Ad oggi non vi sono documenti e reperti archeologici che abbiano permesso di stabilire una specifica datazione, ma si spera possa essere identificata attraverso gli studi che la Supino ha intenzione di approfondire partendo da “Vico della Giudea” .
La ricercatrice ritiene che la piccola comunità ebraica garantisse alla popolazione itrana alcune attività artigianali, quali il lavoro nelle concerie, forse proprio nel rione la “Conceria,” dove partecipava alla produzione e trasformazione di pelli. La concia pregiata di pelli di animali cacher ( uccisi secondo le regole ebraiche) era usata per le pergamene su cui scrivere la Torà, o per altri documenti non ebraici.

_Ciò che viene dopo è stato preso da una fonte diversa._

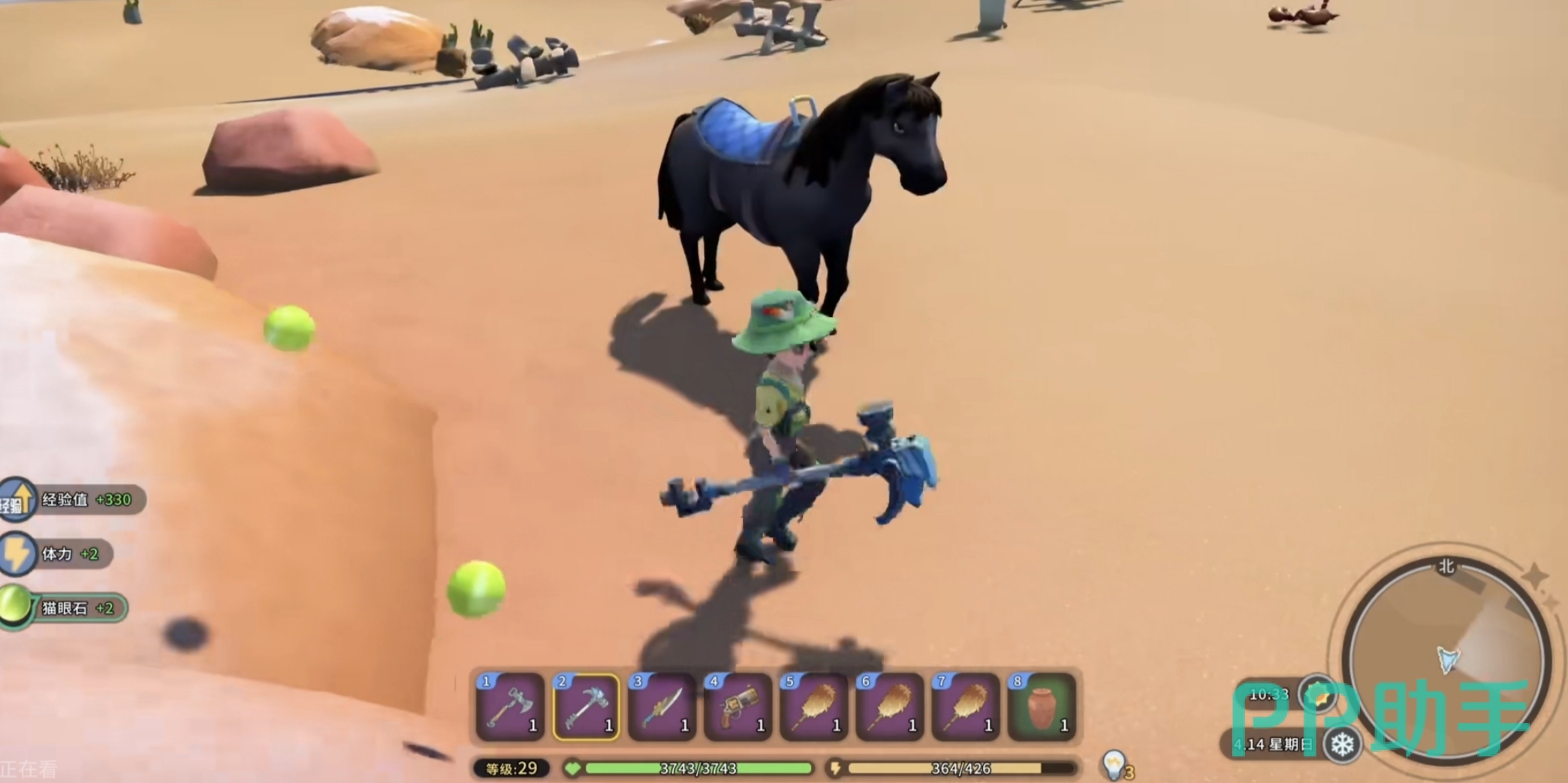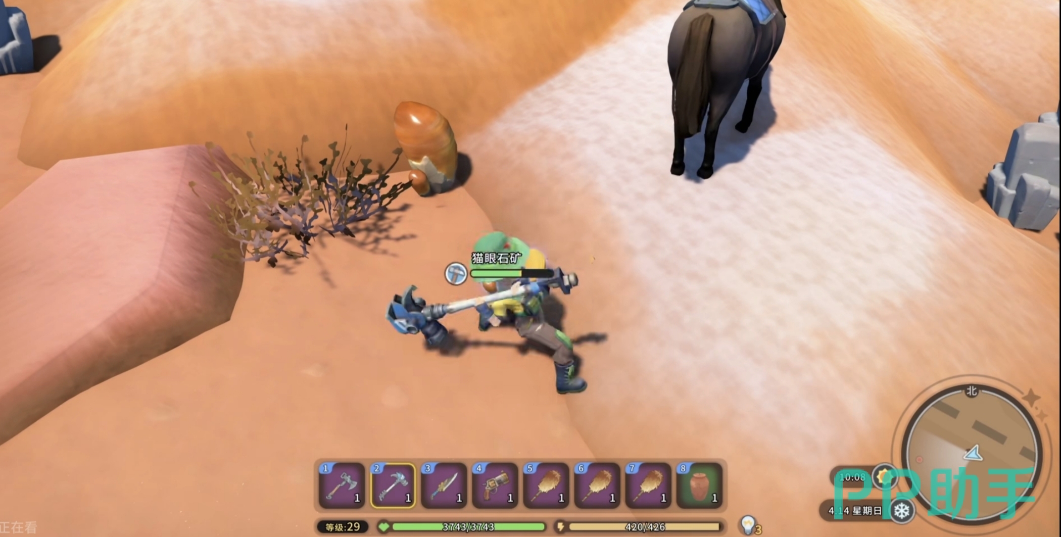 第二条获取路径为战斗掉落机制:在中桥对岸小山丘区域活动的“晶核守卫者”类怪物,击败后有固定概率掉落猫眼石矿(基础掉落率23%,装备“精准采集手套”后提升至31%)。建议出征前装配近战钝器或高破甲弓箭,并携带至少3组止痛药与1把标准矿镐。该方式虽需消耗战斗准备时间,但单次成功击杀可获得3–5单位矿石,且不占用采集冷却,适合作为紧急补货或资源翻倍策略使用。

La fertilità del terreno e la salubrità del clima, particolarmente adatte alla coltivazione dell’ olivo e della vite, favorirono, con ogni probabilità, l’interesse della Comunità in quest’area di produzione.
L’olivo per gli ebrei è sinonimo di pace, regalità e sacralità.
La lampada ad olio a sette bracci, la “Menorah”, simbolo della religione ebraica, presente in tutte le sinagoghe, anticamente veniva accesa all’interno del Tempio di Gerusalemme, attraverso combustione di olio preparato appositamente per l’uso sacro.
Il vino estratto dalle uve rosse era forse… il famoso “cecubum”, ancora oggi prodotto in alcune località del Lazio, ma non più ad Itri .
Il vino rosso è usato nella celebrazione di vari riti e cerimonie religiose, come nell’Ebraismo nell’entrata del sabato lo “Shabbat”, quando si dice la benedizione del vino e del pane che avviene propriamente con vino rosso, versato in un calice .
Scandagliato in ogni possibile angolo il “Vico della Giudea”, non avendo altri elementi da valutare, concludiamo il nostro itinerario esplorativo davanti ad un caffè a casa di Paolo.
La moglie, docente di religione, invita la Supino a partecipare ad alcune lezioni nella Scuola, nella quale insegna, per illustrare agli allievi la storia, gli usi, costumi, le regole religiose degli ebrei vissuti a Itri .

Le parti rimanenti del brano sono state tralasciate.